Congress passed the Inflation Reduction Act (IRA) and the Bipartisan Infrastructure Law (BIL) to support long-overdue investments in public health, climate resilience, and critical infrastructure. These historic laws fund community-led projects that expand green spaces, reduce pollution, cut energy costs, and build climate-ready infrastructure across the country.
In early 2025, the Trump administration ordered a freeze on funds authorized under these laws through the “Unleashing American Energy” executive order. The directive, implemented by agencies including the Environmental Protection Agency and the Departments of Agriculture, Energy, the Interior, and Housing and Urban Development, halted billions in investments, stopping projects already underway, threatening jobs, and putting health and environmental initiatives at risk.
On March 13, 2025, Democracy Forward, alongside co-counsel DeLuca, Weizenbaum, Barry & Revens, filed a lawsuit in the U.S. District Court for the District of Rhode Island on behalf of Woonasquatucket River Watershed Council, National Council of Nonprofits, Eastern Rhode Island Conservation District, and Green Infrastructure Center. The plaintiffs were later joined by the Childhood Lead Action Project and Codman Square Neighborhood Development Corporation.
The case challenges the Trump administration’s unlawful decision to suspend funding that Congress had already appropriated, arguing that the freeze violates the Administrative Procedure Act and exceeds executive authority. The complaint details how this freeze jeopardizes local economies, disrupts environmental restoration, and undermines legal commitments to community-based infrastructure projects.
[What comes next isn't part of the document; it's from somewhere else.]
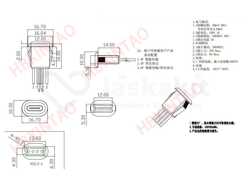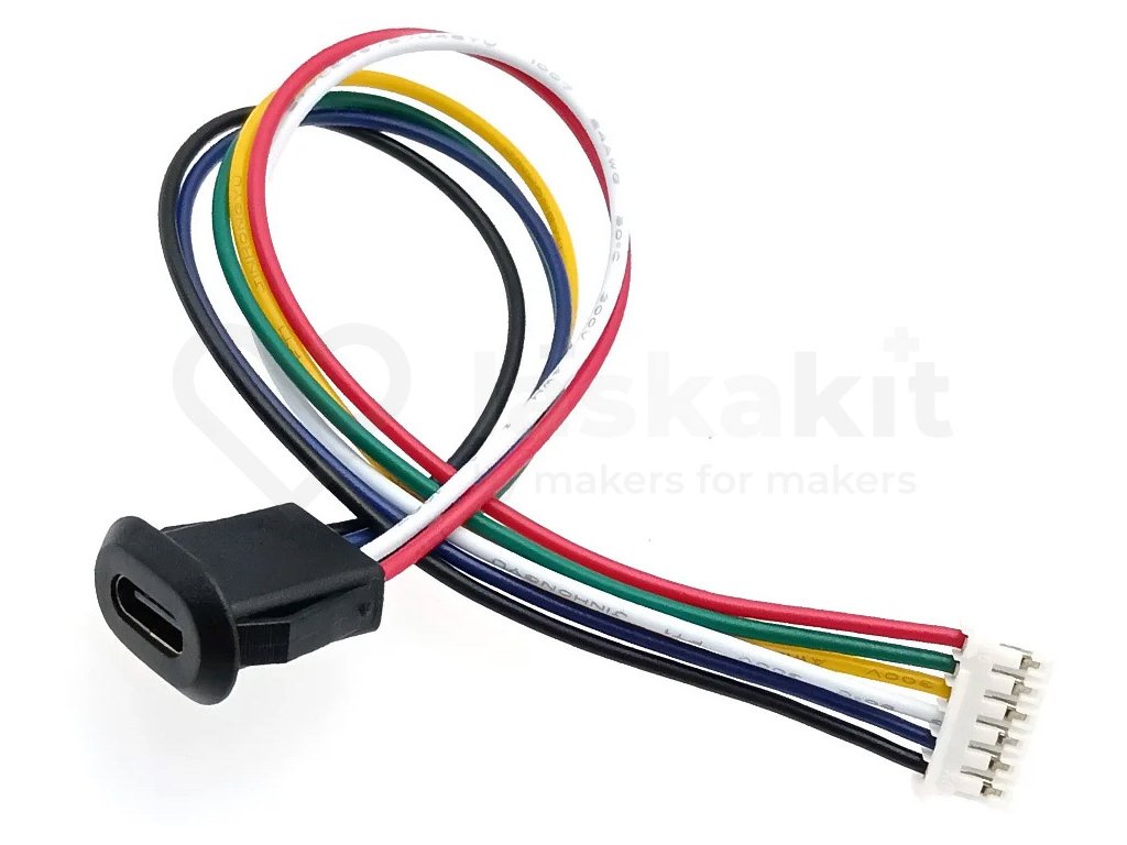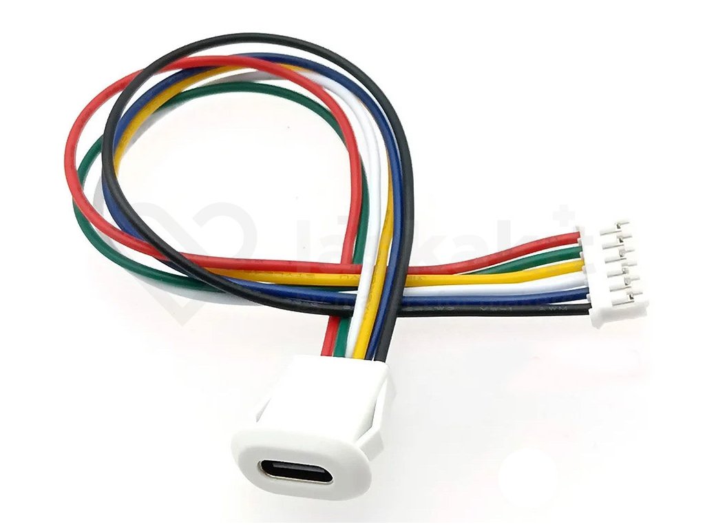 Power and data cable JQ-118 USB-C to JST-PH-6 2mm the 10 cm long connector is specifically designed to connect devices with a USB-C port and components using the 6-pin JST-PH connector with a 2 mm pitch
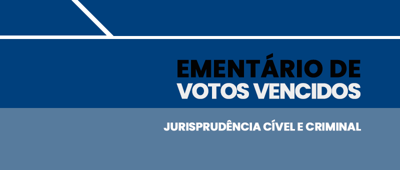 Nessa nova edição, foram selecionados votos vencidos cíveis que abordam os seguintes temas: prestação de saúde e medicamentos ; entrega de imóvel; implementação do piso salarial; fornecimento de água; execução fiscal; piso salarial nacional do magistério e implantação de reajuste; rio previdência, índices de reajuste e violação da norma de competência; ICMS e anulação de decisão administrativa; perícia médica; revisão de proventos de magistério; desconstituição de acórdão; busca e apreensão de veículo; não realização do depósito suplementar de ICMS; plano de saúde; Dentre os votos vencidos criminais, destacam-se decisões referentes aos seguintes tópicos: furto qualificado; impossibilidade de trancamento da ação penal; tráfico ilícito de entorpecentes; indeferimento de benefício; crime de falsidade material de atestado ou certidão; validade de reconhecimento fotográfico em sede policial; princípio da insignificância; ausência de comprovação de nexo causal.

Plaintiffs also filed a motion for a preliminary injunction to lift the freeze immediately, emphasizing the urgent harms to workforce development, public health, and neighborhood resilience resulting from the funding suspension.
On April 15, 2025, the court granted the preliminary injunction, ordering the Trump administration to release the frozen funds and allowing stalled projects to resume. The decision marks the largest court-ordered restoration of IRA and BIL funding to date and affirms the legal limits on executive power to override congressional intent.
This win protects community initiatives across the country—from urban forestry and clean water projects to job-creating public health interventions—and ensures that the funding Congress appropriates flows to the people and places it was intended to serve.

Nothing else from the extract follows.